Осталось нас, вменяемых, семеро.
- Приступим к молитве, - сказал Йосенька Абрамович. - Пока не поздно.
- Бэкавод! Бэкавод! - одобрил Йосеньку полуминьян.
Реб Йоселе Абрамович встал на простреленных ногах инвалида Войны за Независимость у стола, покрытого синим плюшем и львами.
- Счастливы находящиеся в храме Твоем, вовек они будут хвалить Тебя! повел реб Йоси молитву Минха. - Счастлив народ, чей удел таков. - Реб Йоси творит молитву на ашкеназийский лад, подвывая и гнусавя на концовках, и к этому надо привыкнуть. Иначе все кажется антисемитской шуткой. - Счастлив народ, чей Б-г Господь!
Качается в поклонах старик Йосеф, будто белая птица клюет зерно...
Кладет в сухой рот астматика пальцы, перелистывая страницы...
Четвертый год от приговора в вечность Абрамович на штрафняке. Загнала жена-старушка блядством в аффектацию (на горячем поймал бабку с сосунками-арабчатами в собственном доме на Кармеле), молотком слесарным двадцать один раз грохнул. Очко! Постель в кровище, а бабуся все ляжками грязными сучит. Уйди ж, дурак! Пятерка за аффект и через три года дома! Но злодей Йосеф бьет еще раз. Успокоил. Ну, а двадцать два - это перебор по-любому. Это и в Африке - перебор!

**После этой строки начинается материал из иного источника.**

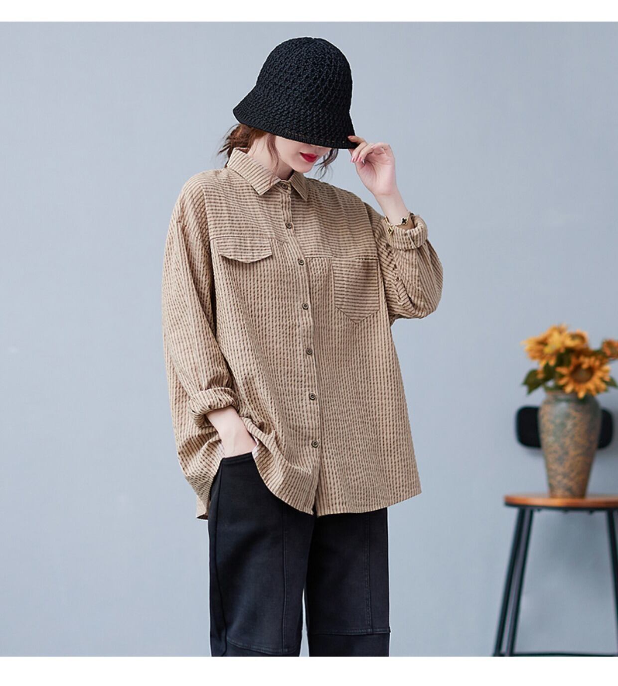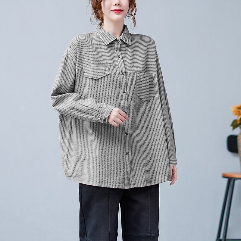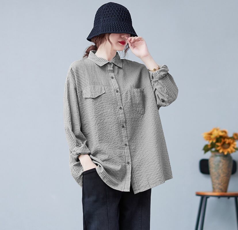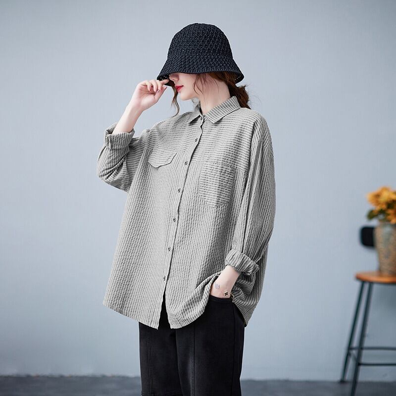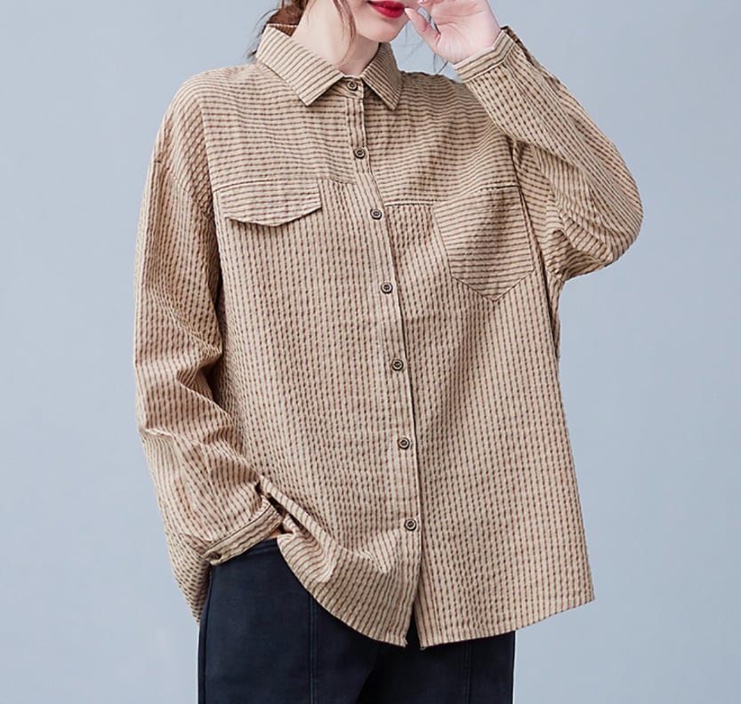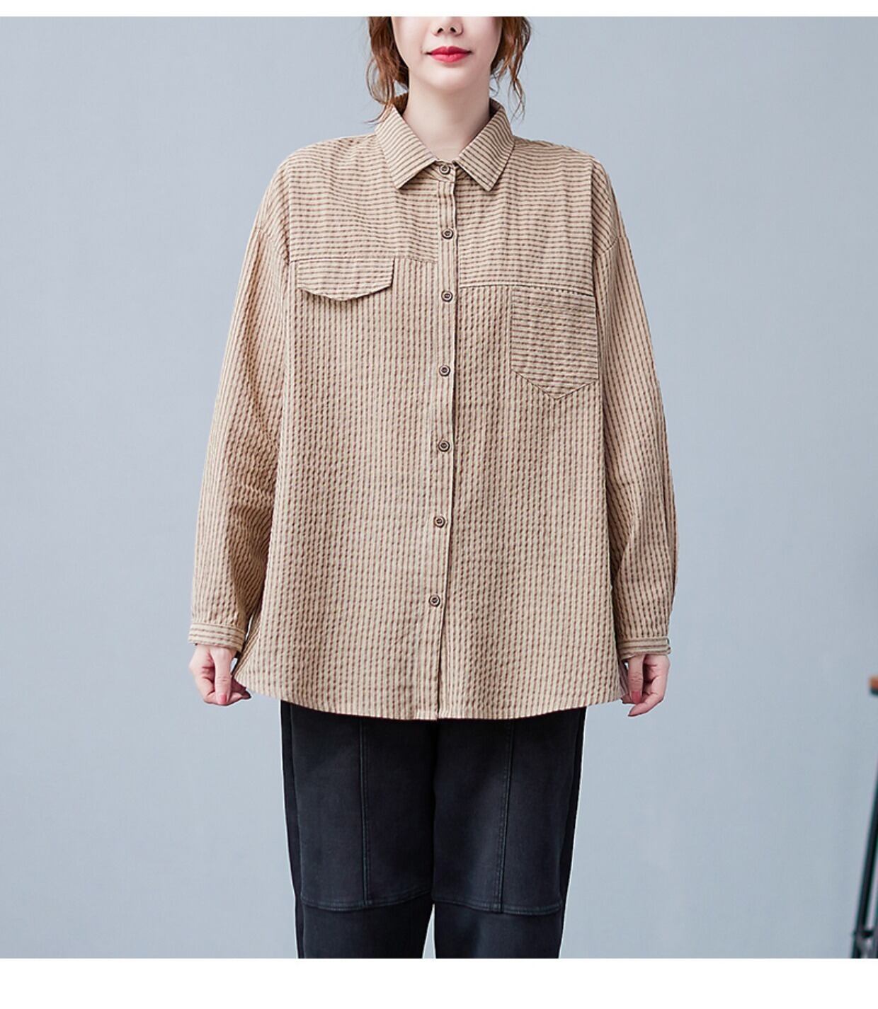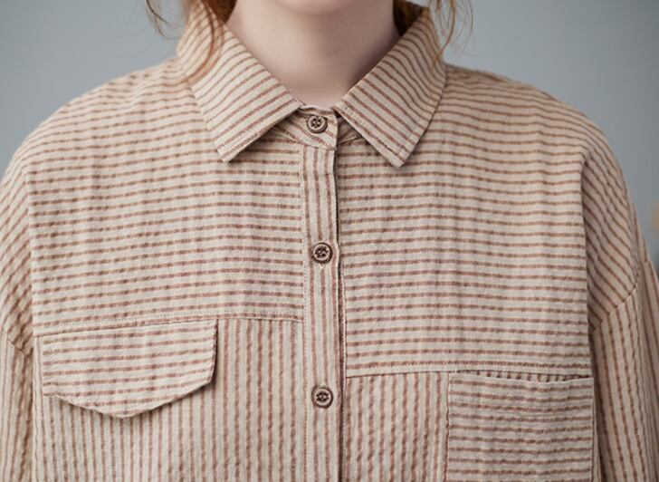 襟付きでシンプルながらもおしゃれな印象を与え、カジュアルスタイルからきれいめなコーディネートまで幅広く活用できます。

Будь же справедлив, читатель!
Где в Сионе извергов держать?
Точно! На убой их в Вав-штаим. Там косоголовые. Последнее заберут и пайку тоже. А почему нет? Дед свое за семьдесят лет сожрал. У него холестерин. Сам не отдаст - помогут и морду майлом попортят. Как к Б-гу с пенсами на морде являться? Да. Опять же, молодняк жить хочет. Жажда, так сказать, жизни.
Текут, переливаются от Моисея вечным ручейком надежды слова Б-га единого! Через Йосеньку в души наши. Слушай, Израиль.
Уже встаем на Шмона-эсре, а тут Хабака замком гремит. Над задвижкой застрявшей старается.
Мы к двери хором:
- Не губи молитву!
- Заткните свои рты, падлаот! - вскипает промокший друз. - У вас еще будет много молитв. Очень много. А ну, выходи по фамилиям!
Снимаем талиты, не складывая.
- Ханания! - выкликают.
Пошел Ханания.
- Авшалом бен-Барух! - кричит.
- Осужден на семнадцать.
- Винокур!
- Моше бен-Залман. Осужден на два года.
Слышу хохот и крики:
- Тебе, стоя у двери, спать. На одной ноге. Узник ебаный! Щаранский!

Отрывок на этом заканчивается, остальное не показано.